Labrador retriever during a retrieving training session. Photo by

Regular exercise is key to keeping a retriever in shape during the off-season.


Like human athletes, retrievers must be in top physical condition to perform at a high level in the field. The following five tips from a veterinarian will help you keep your retriever fit over the summer months so he will be in top form on opening day.

Get to Work

As a veterinarian and avid hunter who specializes in sporting dogs, Dr. Joe Spoo says that regular exercise is key to keeping a retriever in shape during the off-season. “A dog that is overweight and not in good physical condition is much more prone to injuries,” Spoo says. “That is especially true early in the hunting season, when the heat can be an issue.”

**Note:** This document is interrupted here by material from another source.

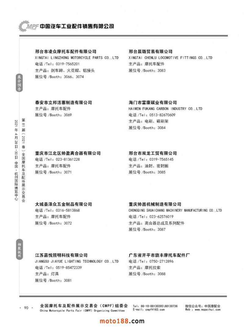 內90 第80屆(2020秋)全國摩托車及配件展示交易會-廣州站參展企業信息

Going for walks or runs, swimming, and summer training sessions are all good ways to keep your dog in shape, and Spoo says to match the amount and type of food you are feeding to your dog’s activity level.

“Keep an eye on your dog’s body condition throughout the off-season and adjust accordingly,” Spoo says. “These dogs are so amazingly athletic, but we can’t expect them to spend months eating too much and not getting enough exercise and then perform at a high level. That’s when injuries occur.”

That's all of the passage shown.